The shouting and the gunfire were getting closer. Only, Maggie realized after a moment, it wasn't directed at them.

"Maria." She repeated. It wasn't her name. It wasn't her real name. Maggie didn't know her real name, didn't know if she had a family if she had lost someone if anyone knew who she was, or if there would be anyone to tell that she was missing or dead.

Maggie paused as the street fell silent, but with the silence came the feeling of leaden terror. Fear overwhelmed her senses, as she frantically pulled the utility knife from her backpack before pulling it back on. Dragging herself to her feet, she held her breath, ready to defend herself, against whatever was to come.

Rounding the dumpster, she saw something, more shadow than actual shape. Maggie lunged as best as she could, but the thing in black grabbed and shook the knife from her hand. Grabbing her wrist, it hauled her bodily over their shoulder.

She tried to scream, but like a nightmare, no sound came out as the world slipped away and into inky blackness.


Maggie was awake but kept her eyes shut as she tried to take in as much as of her surroundings as possible without alerting her captors? Rescuers? She wasn't entirely sure. She was warm, there was a soft, albeit heavy, blanket on top of her. She wasn't in any sort of pain, she wasn't tied down, and the voices that she could hear were low, but tinged with concern rather than menace. If she was being held hostage by the cartels or the US government, they were certainly very considerate.

Then one voice cut through the din, "How is she? Is she stable? Can I see her?"

Eyes shooting open, Maggie sat bolt upright, throwing off the blanket, scrambled from the examination table, and charged blindly in the direction of the voice. "Steve?" She croaked, her mouth and throat dry.

Maggie tripped but was grabbed by two very strong hands before she could hit the ground.

"Steve?" Her voice was shaking as she looked up into the concerned face of none other than Steve Rogers.

"I got you, Maggie, I got you." He said soothingly, as he helped her right herself.

Looking up at him, a thousand feelings, thoughts, and emotions crossed her mind. "You have a beard." She managed finally, with a half-laugh as tears started to well in her eyes, cupping his face in her hands.

"Yeah."

Without anything else to say, Maggie pulled him into a hug, practically collapsing into his arms. She was safe, or she was dead, either way, she was with Steve, so she knew that Sam was nearby.
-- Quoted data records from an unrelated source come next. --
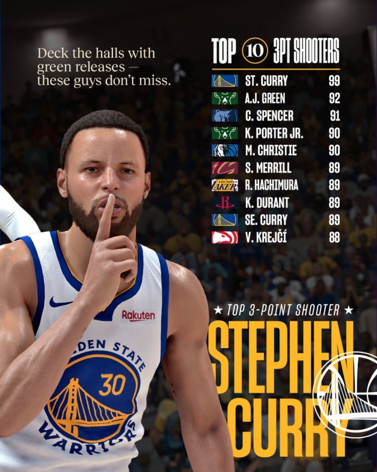 直播吧12月24日讯 今日NBA 2K官方晒出了最新联盟三分能力值前十球员,具体如下:
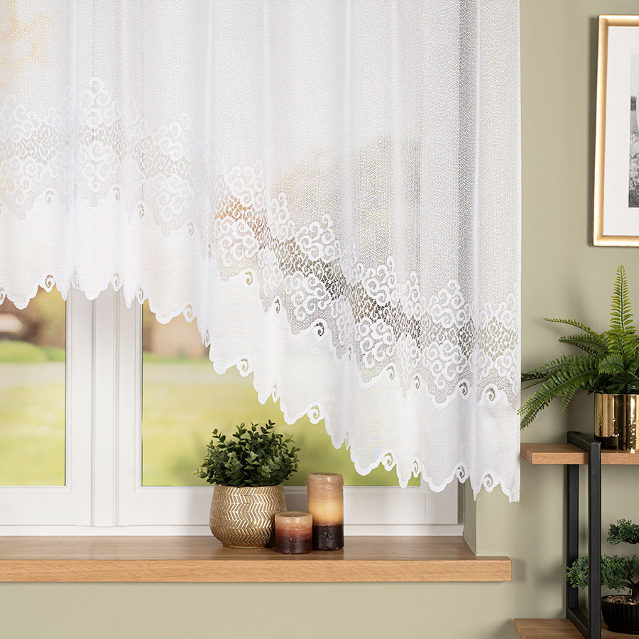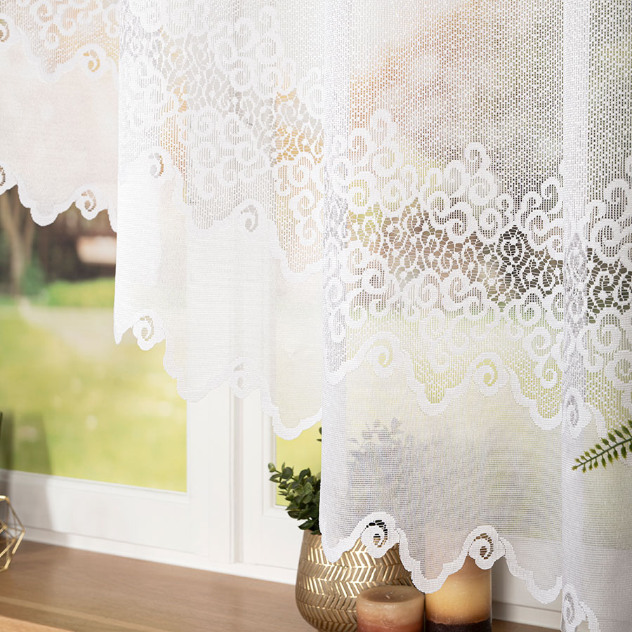 - Wzór: Delikatna firana z eleganckim ornamentowym wzorem i ozdobnym, łukowym wykończeniem u dołu.
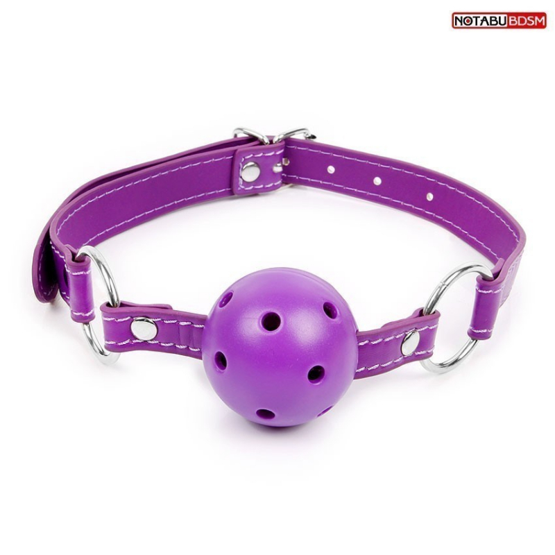 Девайс для провокационных игр на грани - кляп с отверстиями для дыхания в фиолетовом цвете! Яркие впечатления и максимальный комфорт в процессе сессии!
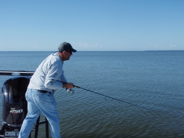 Today, I guided Brad Hasse in lower East Bay and found even more speckled trout and redfish. During this transitional weather and water temps, it seems the fish are still a bit spread out but great numbers are north and south. Started at first light with topwaters to produce huge numbers of speckled trout in the 2-4# range with a few redfish misses. Mullet, bait and slicks everywhere. After passing the area with topwaters, we can through the same area with Gulp! Jerkshads and 3″ Gulp! Shrimp to clean up the rest. Couldn’t count how many trout we caught. The best quality fish were found inside the schools of large mullet and they were rabid. With a limit of trout completed and the sun high, I had a special treat for Brad and went jetted off to a slick, wind protected bank in Escambia Bay. Again, we found huge amounts of mullet and bait in 1-3′ of very clear water. Paralleled the bank and found redfish sitting between the bank and the schools of mullet located about 30′ off the bank. Classic sight fishing session. Found the fish to be extremely receptive to a well-placed Gulp! Jerkshad. We also picked up redfish inside the mullet schools as we looked along the bank. Super morning of Redfish University fishing. Brad took a limit of speckled trout and redfish for a cookout back home. E Holstman
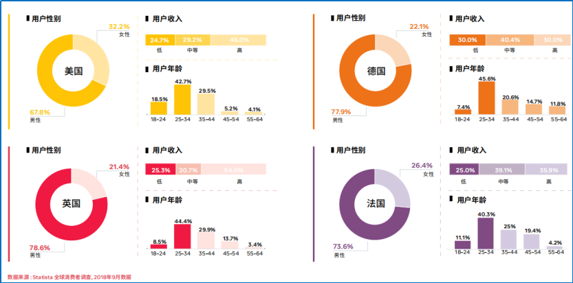 而另一个值得注意的变化是,使用约会交友服务的用户正在朝年轻化和精英化方向发展。根据 Statista 数据,在海外付费习惯比较好的美国、英国、法国、德国等成熟市场,典型用户画像是“ 25-34 岁的中高收入男性”。

"I've got you. You're safe. Everything is all right." Steve murmured, as he held her tightly in his arms.

Maggie pulled back. It wasn't all right. She'd been shot, the Maria, the girls what had happened to them? She looked around, taking in everything around her. She was in some kind of laboratory, but she could only use the word loosely. It was a round room, made of rock, and windows. There were holographic screens and work stations that illuminated and blinked in various colors. Outside the windows, there was a massive mining operation taking place. They were underground, and the gigantic cavern below them stretched on forever.

Where the fuck am I?

She glanced up at Steve. "What happened? Where am I? What's going on? Where's Sam? What happened to the girls and the other woman?" She stammered, reaching down she lifted the shirt she was wearing to find there was no bullet wound, no scar, just even smooth brown skin. "I was shot." She stammered, looking back up at Steve. "I was shot. I was shot twi-" She stopped as she looked past Steve, a dark suit catching her eye.

"That! I've seen that!" She rushed past him and toward it. "Only not this one."
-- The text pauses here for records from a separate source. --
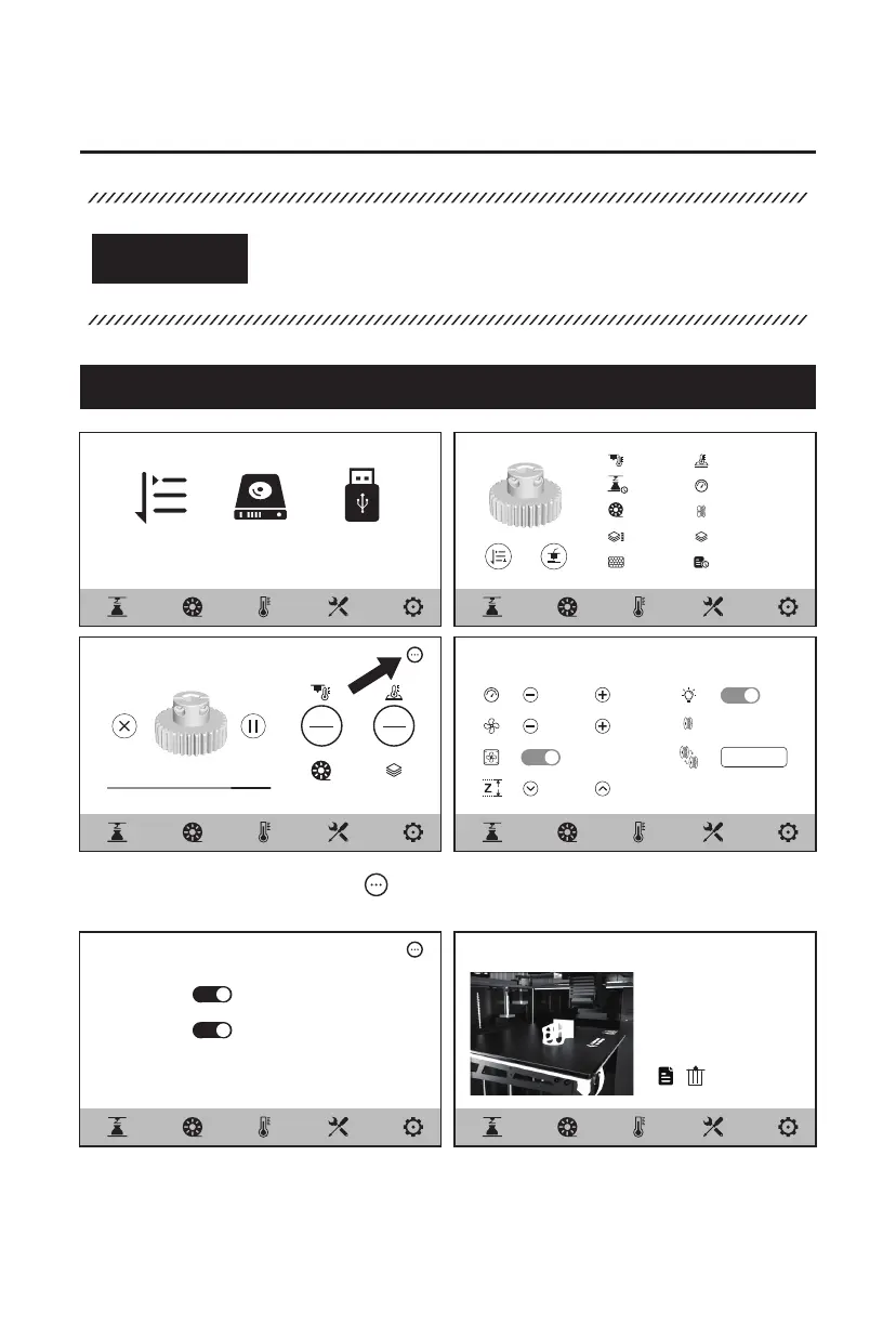 打印时可进行部分参数调整。 点击 图标可进行打印速度,风扇,灯的控制。
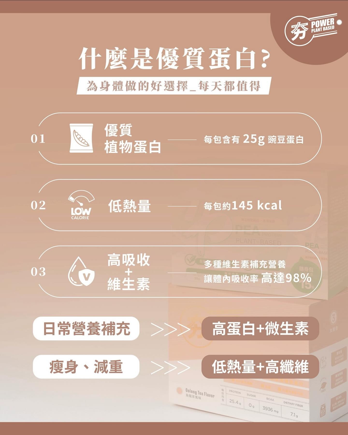 由台灣製造優質豌豆蛋白粉,針對台灣人的味蕾調配。
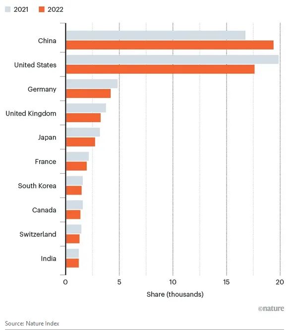 此次最新的自然指数榜单基于2022年1月1日至12月31日的统计数据,展示了不同国家和科研机构在自然科学领域高水平科研产出的情况。
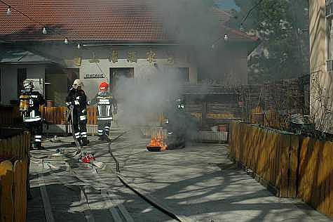 Am Vorplatz der Freiwilligen Feuerwehr Perchtoldsdorf war am 24. März 2011 gerade ein Fotoshooting im Gange, als plötzlich ein hektischer und aufgeregter Mann mit den Worten „Hilfe, beim Chinesen brennt’s“ zulief.

Maggie turned back around to Steve and saw two people standing several yards behind him. A black man and woman. Siblings if Maggie was going to guess, based on similar features. The woman was the younger of the two, probably younger than Maggie, if she could even be called a woman, and not a girl. Her features while currently grave were young and youthful, with a bit of youthful fullness to them, like some of the girls she'd worked with in Juarez, putting her at no more than sixteen or seventeen, eighteen at the very most. She was wearing a bright neon pink and green dress with asymmetrical color stripes and patterns of other neons in blue and orange and yellow. Over the dress, she wore a mesh smock and white shoes approximating sneakers. Her hair was braided in thin rows and piled on top of her head into two messy buns with beads and bright threads both woven into her hair, and holding the buns in place, and adding pops of color and ornamentation to the young woman's hair.
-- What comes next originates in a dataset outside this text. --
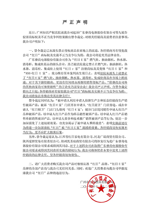 廣東睿尚電器股份有限公司作為“紅日 E 家”燃?xì)庠?、抽油煙機(jī)、熱水器、消毒柜、集成灶商品的源頭企業(yè),其已被法院裁定禁止在燃?xì)庠?、抽油煙機(jī)、熱水器、消毒柜、集成灶上使用“紅日 e 家”注冊(cè)商標(biāo)及其變體“紅日 E 家”和“RSE+紅日 E 家”,效力維持至本案判決生效日止。表明法院從源頭上就禁止了“紅日 E 家”燃?xì)庠?、抽油煙機(jī)、熱水器、消毒柜、集成灶商品在市場上的流通,對(duì)于其下游經(jīng)銷商,更沒有任何理由再繼續(xù)銷售侵權(quán)產(chǎn)品?!俺I泄就獾钠渌碳揖衫^續(xù)銷售”的言論實(shí)乃誤導(dǎo)公眾!我公司嚴(yán)正聲明,自禁令裁定做出之日起,各經(jīng)銷商再有侵犯我公司“紅日”商標(biāo)權(quán)及實(shí)施不正當(dāng)競爭行為的,我公司將依法單獨(dú)追究其法律責(zé)任!
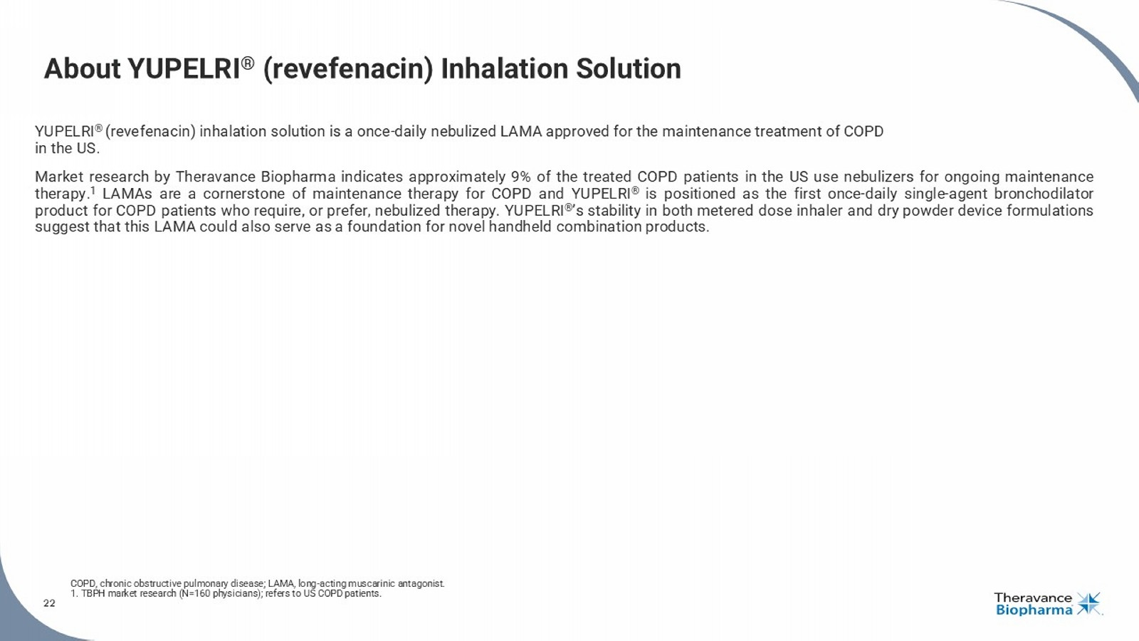 22 About YUPELRI ® (revefenacin) Inhalation Solution YUPELRI ® ( revefenacin ) inhalation solution is a once - daily nebulized LAMA approved for the maintenance treatment of COPD in the US . Market research by Theravance Biopharma indicates approximately 9 % of the treated COPD patients in the US use nebulizers for ongoing maintenance therapy . 1 LAMAs are a cornerstone of maintenance therapy for COPD and YUPELRI ® is positioned as the first once - daily single - agent bronchodilator product for COPD patients who require, or prefer, nebulized therapy . YUPELRI ® ’s stability in both metered dose inhaler and dry powder device formulations suggest that this LAMA could also serve as a foundation for novel handheld combination products . COPD, chronic obstructive pulmonary disease; LAMA, long - acting muscarinic antagonist. 1. TBPH market research (N=160 physicians); refers to US COPD patients. 22

The man, by contrast, was far more understated wearing a black tunic, cut and fitted like a long jacket, emblazoned with white and silver embroidery around the neck and yoke of the jacket, with loose-fitting black pants, and what appeared to be leather boots. His expression was grave like his sister's, but it wasn't as concerned as his sister's, it was evaluating her, sizing her up.

Like I'm his prey. Maggie realized. Yet, despite this, she knew she'd seen him before, somewhere, not at all registering in her addled brain at the moment, and that while she should be frightened, she wasn't frightened of him. She was alive, likely because of him, and she hadn't been shot, restrained, or otherwise harmed in any way since she'd jumped off the table she'd been on.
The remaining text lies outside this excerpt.